(Collected data entries)
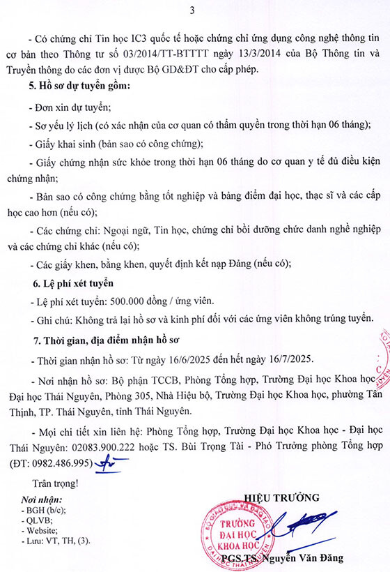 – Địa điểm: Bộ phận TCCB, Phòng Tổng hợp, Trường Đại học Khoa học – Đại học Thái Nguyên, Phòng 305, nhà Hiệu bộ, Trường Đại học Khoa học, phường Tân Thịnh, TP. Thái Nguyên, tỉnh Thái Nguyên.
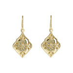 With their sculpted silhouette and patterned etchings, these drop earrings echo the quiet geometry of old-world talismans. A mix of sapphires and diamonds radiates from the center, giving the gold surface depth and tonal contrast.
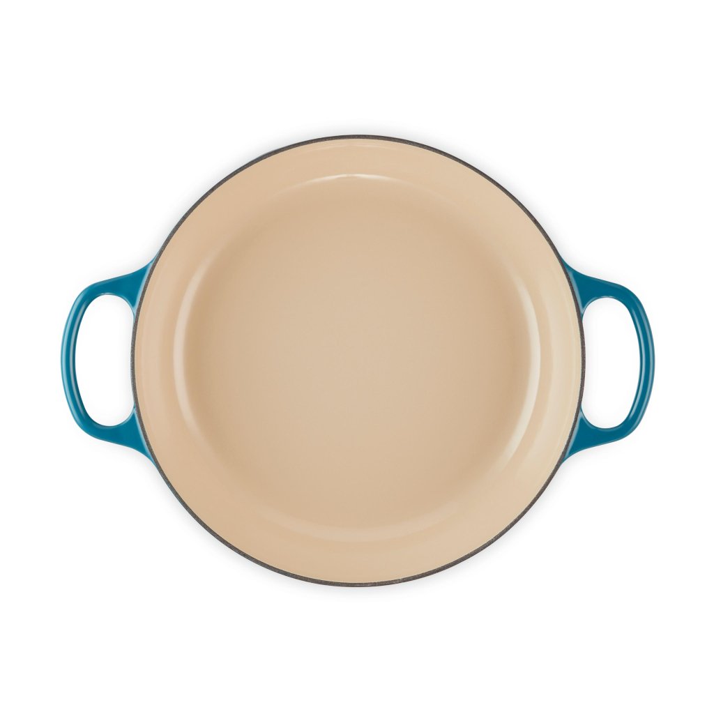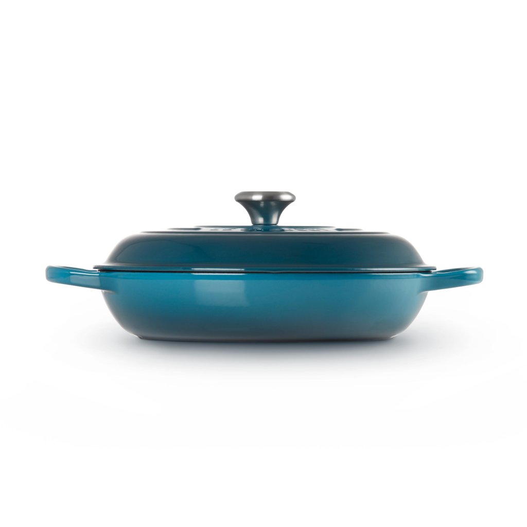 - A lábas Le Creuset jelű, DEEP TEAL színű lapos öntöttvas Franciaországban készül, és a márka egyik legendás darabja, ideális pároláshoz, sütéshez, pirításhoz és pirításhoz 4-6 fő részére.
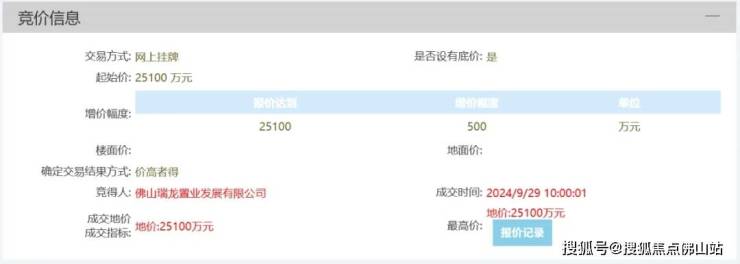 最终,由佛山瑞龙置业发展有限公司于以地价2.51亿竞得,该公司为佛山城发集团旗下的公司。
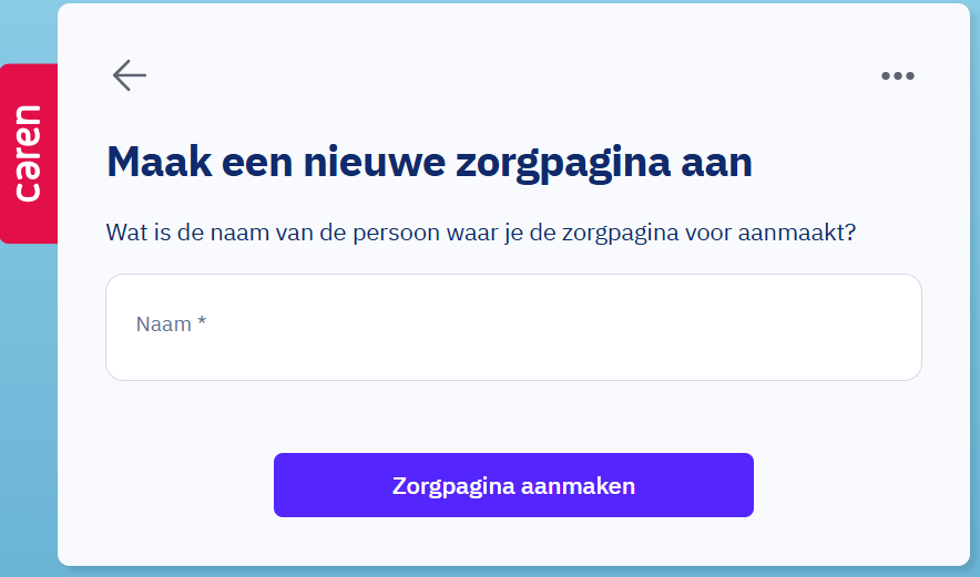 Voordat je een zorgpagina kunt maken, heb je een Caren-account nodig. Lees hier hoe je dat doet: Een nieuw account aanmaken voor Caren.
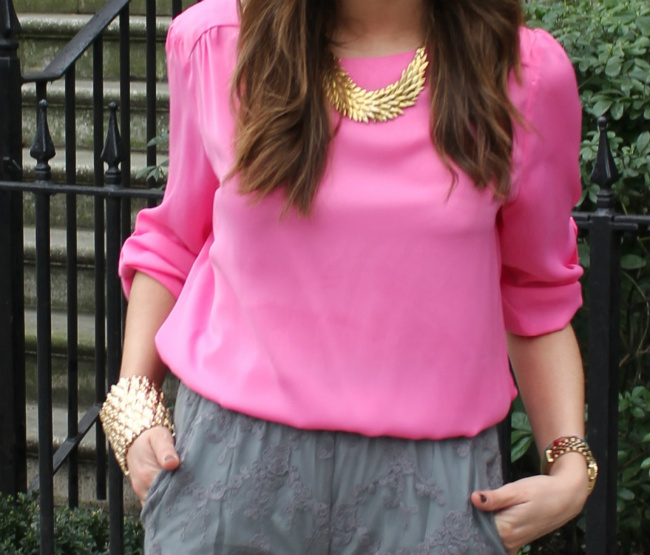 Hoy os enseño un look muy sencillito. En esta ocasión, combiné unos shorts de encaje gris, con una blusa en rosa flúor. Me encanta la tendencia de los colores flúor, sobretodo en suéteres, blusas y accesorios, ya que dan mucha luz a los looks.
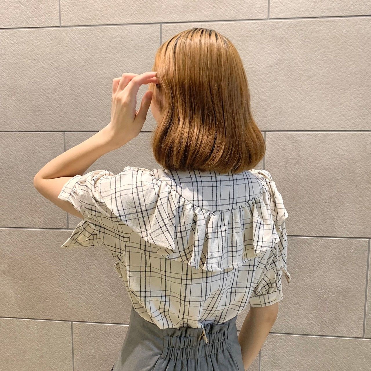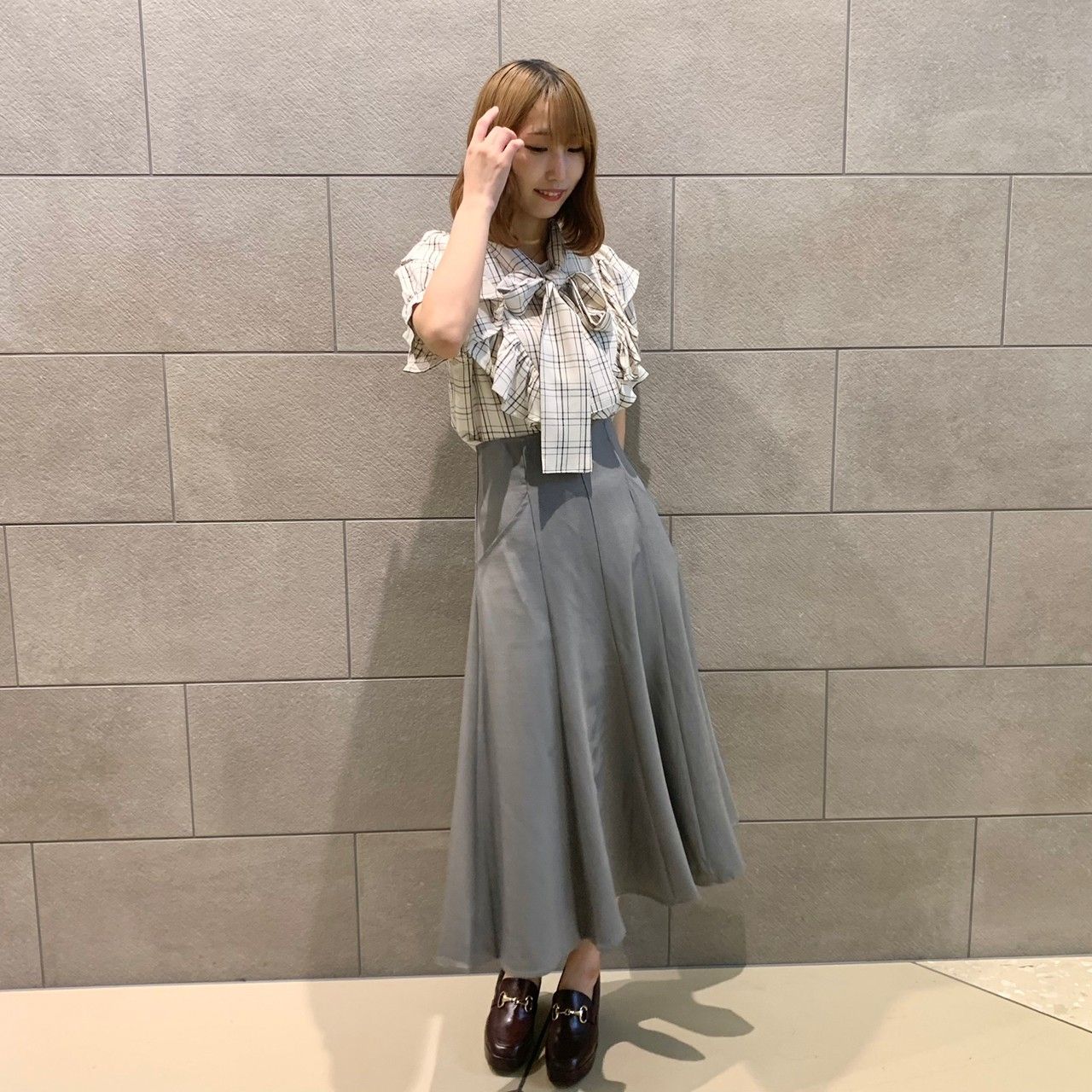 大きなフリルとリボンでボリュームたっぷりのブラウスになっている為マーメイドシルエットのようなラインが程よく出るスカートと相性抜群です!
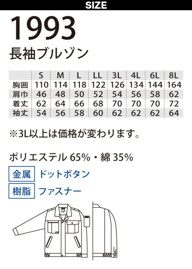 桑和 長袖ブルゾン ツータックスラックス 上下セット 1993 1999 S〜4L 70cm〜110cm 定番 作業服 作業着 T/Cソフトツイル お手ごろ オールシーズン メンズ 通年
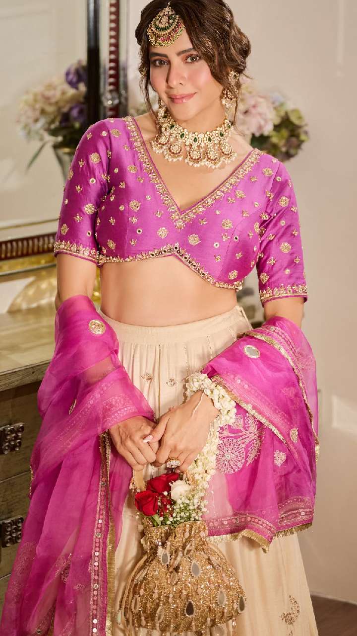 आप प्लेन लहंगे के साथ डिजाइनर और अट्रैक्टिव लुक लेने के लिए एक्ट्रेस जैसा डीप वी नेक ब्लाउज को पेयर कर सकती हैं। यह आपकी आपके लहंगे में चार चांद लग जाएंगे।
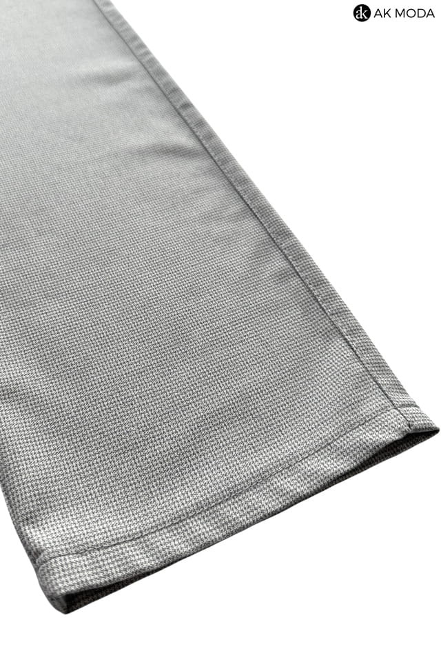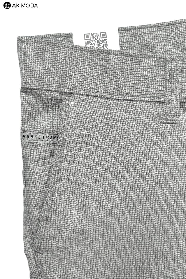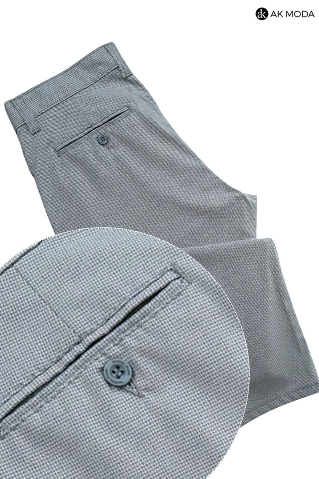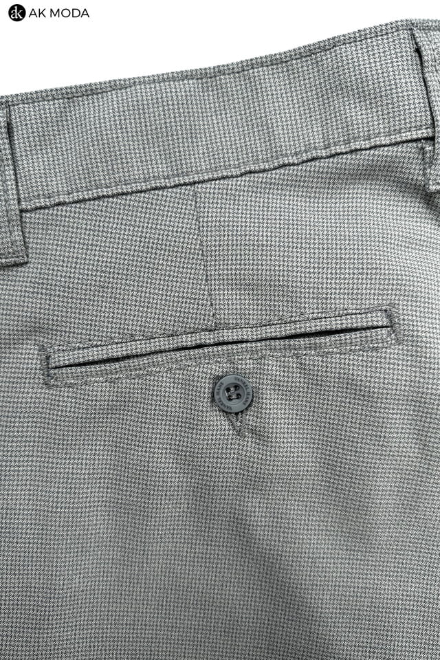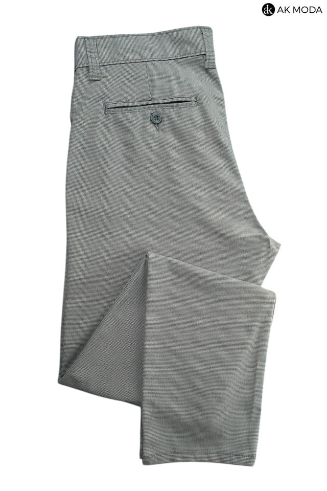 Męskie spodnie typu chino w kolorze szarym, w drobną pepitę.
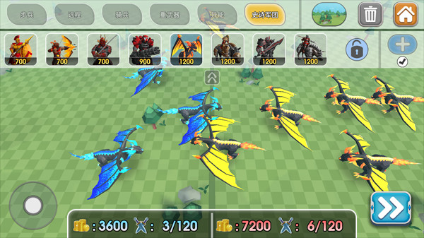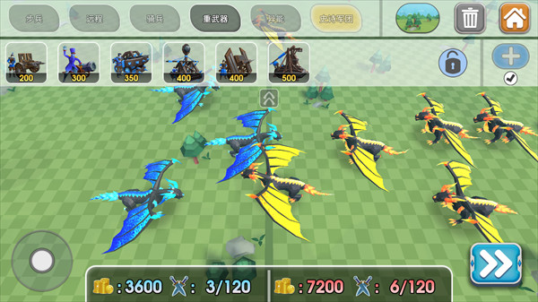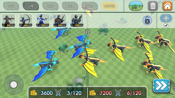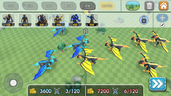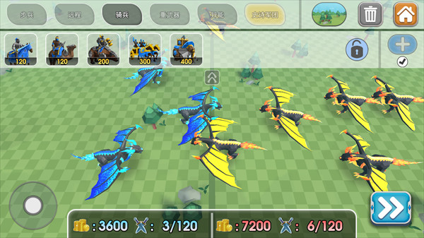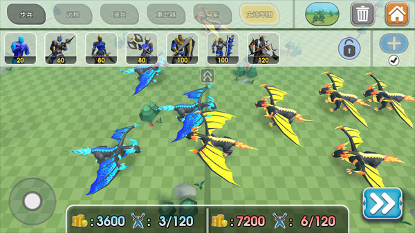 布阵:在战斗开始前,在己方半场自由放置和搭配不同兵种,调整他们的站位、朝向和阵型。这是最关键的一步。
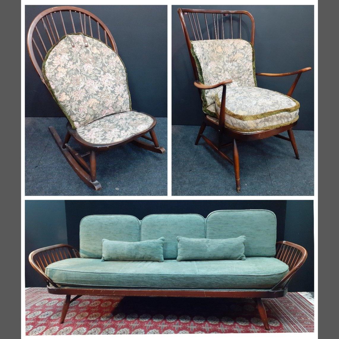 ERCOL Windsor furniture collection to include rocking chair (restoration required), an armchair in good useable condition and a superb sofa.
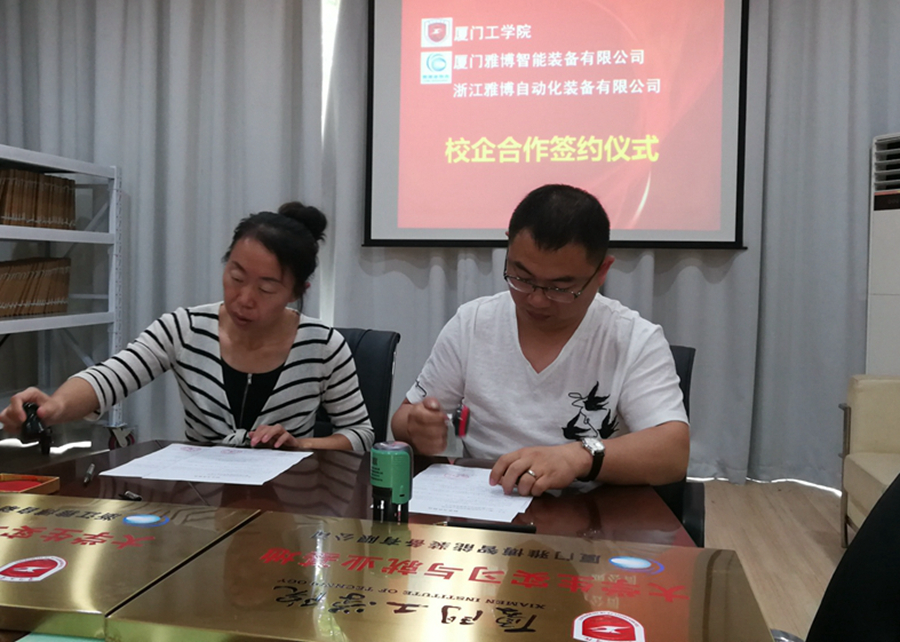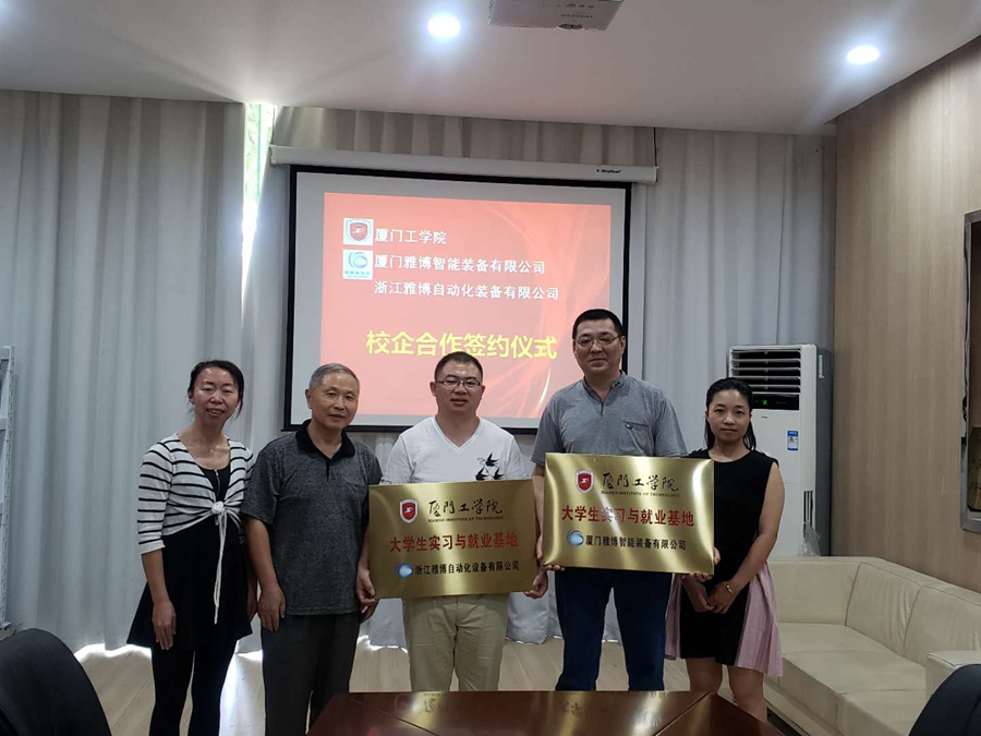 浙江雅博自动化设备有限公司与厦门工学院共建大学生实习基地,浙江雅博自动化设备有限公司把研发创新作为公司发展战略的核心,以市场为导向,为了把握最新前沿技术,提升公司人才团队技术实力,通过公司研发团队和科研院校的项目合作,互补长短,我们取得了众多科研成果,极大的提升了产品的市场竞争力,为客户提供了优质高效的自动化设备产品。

_TASK REQUIREMENTS_:
Give back the data verbatim. The pictures are not part of the copy.

_EXERCISE OUTPUT_:
 – Địa điểm: Bộ phận TCCB, Phòng Tổng hợp, Trường Đại học Khoa học – Đại học Thái Nguyên, Phòng 305, nhà Hiệu bộ, Trường Đại học Khoa học, phường Tân Thịnh, TP. Thái Nguyên, tỉnh Thái Nguyên.
 With their sculpted silhouette and patterned etchings, these drop earrings echo the quiet geometry of old-world talismans. A mix of sapphires and diamonds radiates from the center, giving the gold surface depth and tonal contrast.
 - A lábas Le Creuset jelű, DEEP TEAL színű lapos öntöttvas Franciaországban készül, és a márka egyik legendás darabja, ideális pároláshoz, sütéshez, pirításhoz és pirításhoz 4-6 fő részére.
 最终,由佛山瑞龙置业发展有限公司于以地价2.51亿竞得,该公司为佛山城发集团旗下的公司。
 Voordat je een zorgpagina kunt maken, heb je een Caren-account nodig. Lees hier hoe je dat doet: Een nieuw account aanmaken voor Caren.
 Hoy os enseño un look muy sencillito. En esta ocasión, combiné unos shorts de encaje gris, con una blusa en rosa flúor. Me encanta la tendencia de los colores flúor, sobretodo en suéteres, blusas y accesorios, ya que dan mucha luz a los looks.
 大きなフリルとリボンでボリュームたっぷりのブラウスになっている為マーメイドシルエットのようなラインが程よく出るスカートと相性抜群です!
 桑和 長袖ブルゾン ツータックスラックス 上下セット 1993 1999 S〜4L 70cm〜110cm 定番 作業服 作業着 T/Cソフトツイル お手ごろ オールシーズン メンズ 通年
 आप प्लेन लहंगे के साथ डिजाइनर और अट्रैक्टिव लुक लेने के लिए एक्ट्रेस जैसा डीप वी नेक ब्लाउज को पेयर कर सकती हैं। यह आपकी आपके लहंगे में चार चांद लग जाएंगे।
 Męskie spodnie typu chino w kolorze szarym, w drobną pepitę.
 布阵:在战斗开始前,在己方半场自由放置和搭配不同兵种,调整他们的站位、朝向和阵型。这是最关键的一步。
 ERCOL Windsor furniture collection to include rocking chair (restoration required), an armchair in good useable condition and a superb sofa.
 浙江雅博自动化设备有限公司与厦门工学院共建大学生实习基地,浙江雅博自动化设备有限公司把研发创新作为公司发展战略的核心,以市场为导向,为了把握最新前沿技术,提升公司人才团队技术实力,通过公司研发团队和科研院校的项目合作,互补长短,我们取得了众多科研成果,极大的提升了产品的市场竞争力,为客户提供了优质高效的自动化设备产品。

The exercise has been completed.